Between 2002 and 2007, 46 patients with sacral tumors were treated with surgery. Demographic data, details of surgery, type of tumor, and patient characteristics associated with surgical site infections (SSIs) were collected; these data included presence of the following variables: diabetes, obesity, smoking, steroid use, previous surgery, previous radiation, cerebrospinal fluid leak, number of spinal levels exposed, instrumentation, number of surgeons scrubbed in to the procedure, serum albumin level, and combined anterior-posterior approach. Logistic regression analysis was implemented to find an association of such variables with the presence of SSI.
A total of 46 patients were treated for sacral tumor resections; 20 were male (43%) and 26 were female (57%), with an average age of 46 years (range 11-83 years). Histopathological findings included the following: chordoma in 19 (41%), ependymoma in 5 (11%), rectal adenocarcinoma in 5 (11%), giant cell tumor in 4 (9%), and other in 13 (28%). There were 18 cases of wound infection (39%), and 2 cases of repeat surgery for tumor recurrence (1 chordoma and 1 giant cell tumor). Factors associated with increased likelihood of infection included previous lumbosacral surgery (p = 0.0184; odds ratio [OR] 7.955) and number of surgeons scrubbed in to the operation (p = 0.0332; OR 4.018). Increasing age (p = 0.0864; OR 1.031), presence of complex soft-tissue reconstruction (p = 0.118; OR 3.789), and bowel and bladder dysfunction (p = 0.119; OR 2.667) demonstrated a trend toward increased risk of SSI.
Patients undergoing sacral tumor surgery may be at greater risk for developing wound complications due to the extensive soft-tissue resections often required, especially with the increased potential for contamination from the neighboring rectum.
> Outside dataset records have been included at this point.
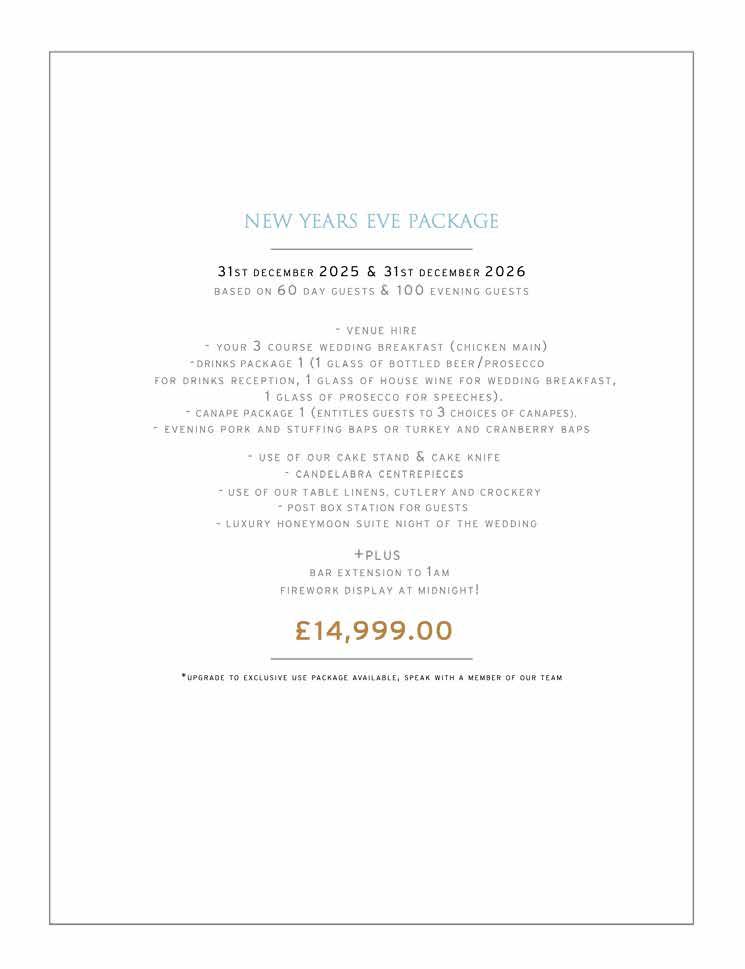 SHOULD YOU WISH TO HIRE WESTON HALL IN ITS' ENTIRETY, INCLUDING THE CELLAR FOR YOUR DRINKS RECEPTION AND EVENING RECEPTION USE, AN ADDITIONAL CHARGE OF £3,000 WILL BE ADDED TO YOUR INVOICE.
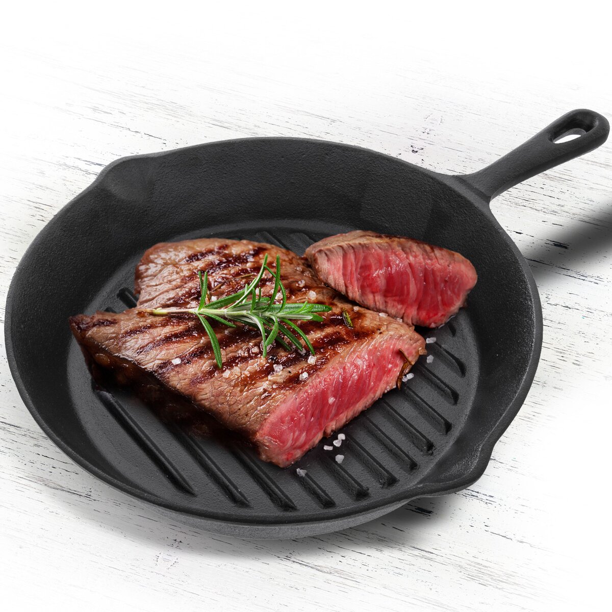 Kód produktu 112987Masivní litinová grilovací pánev průměru 24 cm, s typickou žebrovanou strukturou, pro intenzivní i pozvolné opékání steaků, zeleniny a dalších oblíbených pokrmů na všech typech sporáků, v troubě i na grilu.
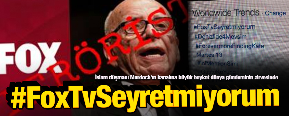 Fransa’da Charlie Hebdo dergisine yapılan terörist saldırıdan tüm Müslümanları sorumlu tutup, İslam’a düşmanlığını kusan Yahudi medya patronu Murdoch’ın Türkiye’deki kanalı Fox TV’ye boykot kampanyası başladı. Twitter’da #FoxTvSeyretmiyorum etiketi dünya gündeminin birinci sırasında yer aldı. Sosyal medyada Fox TV izleme, izlettirme kampanyası dalga dalga yayıldı. İşte bazı tepkiler:

In this study, it appears that previous lumbosacral surgery, number of surgeons scrubbed in, patient age, bowel and bladder dysfunction, and complex tissue reconstruction may predict those patients more prone to developing postoperative SSIs.
骶骨肿瘤切除术已被证明可提高生存率,因为肿瘤学预后通常与局部肿瘤控制程度相关。然而,在直肠附近进行广泛的软组织切除可能使患者易发生伤口并发症和感染。为了确定潜在的风险因素,我们对一家机构过去5年骶骨肿瘤切除术的临床结果进行了回顾,特别关注与手术相关的并发症。
2002年至2007年间,46例骶骨肿瘤患者接受了手术治疗。收集了人口统计学数据、手术细节、肿瘤类型以及与手术部位感染(SSIs)相关的患者特征;这些数据包括以下变量的存在情况:糖尿病、肥胖、吸烟、使用类固醇、既往手术、既往放疗、脑脊液漏、暴露的脊柱节段数、内固定、参与手术的外科医生人数、血清白蛋白水平以及前后联合入路。采用逻辑回归分析来寻找这些变量与SSIs存在之间的关联。
共有46例患者接受了骶骨肿瘤切除术;20例为男性(43%),26例为女性(57%),平均年龄46岁(范围11 - 83岁)。组织病理学结果如下:脊索瘤19例(41%)、室管膜瘤5例(11%)、直肠腺癌5例(11%)、巨细胞瘤4例(9%)、其他13例(28%)。有18例伤口感染(39%),2例因肿瘤复发接受再次手术(1例脊索瘤和1例巨细胞瘤)。与感染可能性增加相关的因素包括既往腰骶部手术(p = 0.0184;比值比[OR] 7.955)和参与手术的外科医生人数(p = 0.0332;OR 4.018)。年龄增加(p = 0.0864;OR 1.031)、存在复杂的软组织重建(p = 0.118;OR 3.789)以及肠道和膀胱功能障碍(p = 0.119;OR 2.667)显示出SSIs风险增加的趋势。
由于通常需要进行广泛的软组织切除,尤其是由于邻近直肠污染的可能性增加,接受骶骨肿瘤手术的患者发生伤口并发症的风险可能更高。在本研究中,既往腰骶部手术、参与手术的外科医生人数、患者年龄、肠道和膀胱功能障碍以及复杂的组织重建似乎可以预测哪些患者更容易发生术后SSIs。